Step by step solution
01
Write the System in Matrix Form
First, express the given system of linear equations in matrix form. The equations: \( 2x - y = 5 \) and \( x + y = 1 \) can be written in matrix form as \[\begin{bmatrix} 2 & -1 \ 1 & 1 \end{bmatrix} \begin{bmatrix} x \ y \end{bmatrix} = \begin{bmatrix} 5 \ 1 \end{bmatrix}\]where the coefficient matrix is \( A = \begin{bmatrix} 2 & -1 \ 1 & 1 \end{bmatrix} \), the variable matrix is \( X = \begin{bmatrix} x \ y \end{bmatrix} \), and the constant matrix is \( B = \begin{bmatrix} 5 \ 1 \end{bmatrix} \).
02
Find the Inverse of the Coefficient Matrix
Calculate the inverse of matrix \( A \).
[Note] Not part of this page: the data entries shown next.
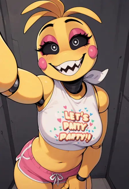 태그: toychica, 퓨리, 노란색 신체, 검은 눈, 볼빨간 흔적, 분홍색 속눈썹, 아이라인, 애니메트로닉, 관절, 날카로운 이빨, 팬티, 크롭탑,
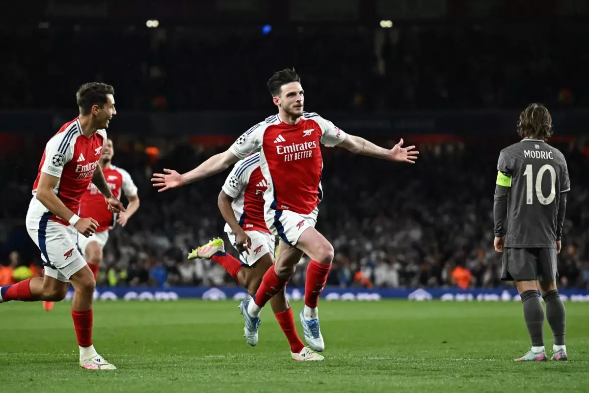 Arsenal, müsabakanın 58. dakikasında Declan Rice ile öne geçti. Bu dakikada özgür vuruşta topun başına geçen İngiliz yıldız, olağanüstü bir vuruşa imza atarak grubunu öne geçirdi.
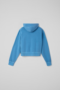 Blue hoodie in 100% mineral-dyed organic cotton with cut-out detail at back. Features Material 100% Organic Cotton Color Blue Features Cropped length Drawstring hood Pouch pocket Tonal logo embroidery at chest Size and Fit Unisex For a more cropped look, size down. Male model is 191 cm and wearing size M Female model is 178 cm and wearing size XS
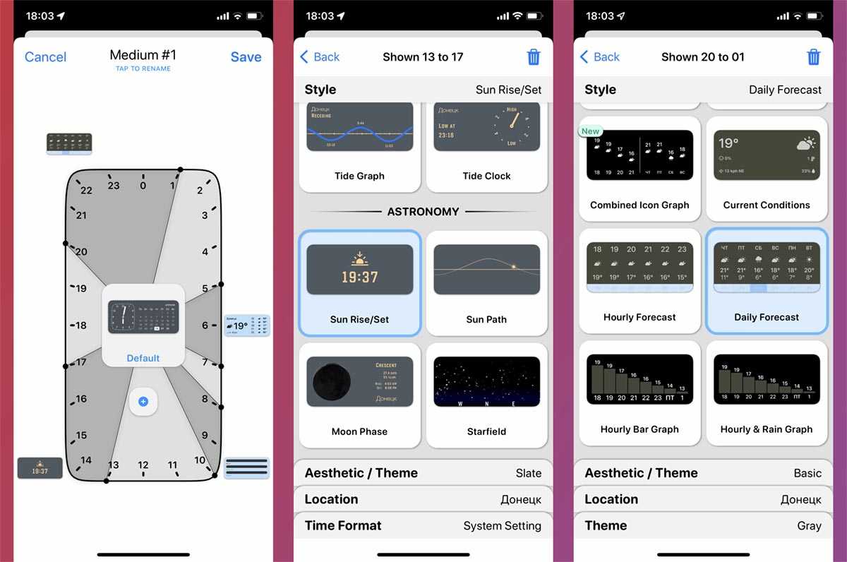 В каталоге Widgetsmith есть множество виджетов для отображения даты и времени, есть виджеты с фото из галереи, карточки с отображением данных из календаря или напоминаний, множество погодных виджетов, карточки с информации об активности пользователя и несколько астрономических виджетов.

The formula for the inverse of a \( 2 \times 2 \) matrix \( A = \begin{bmatrix} a & b \ c & d \end{bmatrix} \) is given by:\[A^{-1} = \frac{1}{ad - bc} \begin{bmatrix} d & -b \ -c & a \end{bmatrix}\]For our matrix, \( a = 2 \), \( b = -1 \), \( c = 1 \), \( d = 1 \), so the inverse is:\[A^{-1} = \frac{1}{2 \times 1 - (-1) \times 1} \begin{bmatrix} 1 & 1 \ -1 & 2 \end{bmatrix} = \frac{1}{3} \begin{bmatrix} 1 & 1 \ -1 & 2 \end{bmatrix}\]Thus, \( A^{-1} = \begin{bmatrix} \frac{1}{3} & \frac{1}{3} \ -\frac{1}{3} & \frac{2}{3} \end{bmatrix} \).
03
Multiply the Inverse by the Constant Matrix
Next, multiply the inverse of the coefficient matrix \( A^{-1} \) by the constant matrix \( B \) to find the variable matrix \( X \).\[X = A^{-1}B = \begin{bmatrix} \frac{1}{3} & \frac{1}{3} \ -\frac{1}{3} & \frac{2}{3} \end{bmatrix} \begin{bmatrix} 5 \ 1 \end{bmatrix}\]Calculate the multiplication:\[X = \begin{bmatrix} \frac{1}{3} \times 5 + \frac{1}{3} \times 1 \ -\frac{1}{3} \times 5 + \frac{2}{3} \times 1 \end{bmatrix} = \begin{bmatrix} \frac{5}{3} + \frac{1}{3} \ -\frac{5}{3} + \frac{2}{3} \end{bmatrix} = \begin{bmatrix} 2 \ -1 \end{bmatrix}\]
04
Interpret the Solution
The resulting matrix \( X = \begin{bmatrix} 2 \ -1 \end{bmatrix} \) corresponds to the solution \( x = 2 \) and \( y = -1 \). Therefore, the solution to the system of linear equations is \( x = 2 \) and \( y = -1 \).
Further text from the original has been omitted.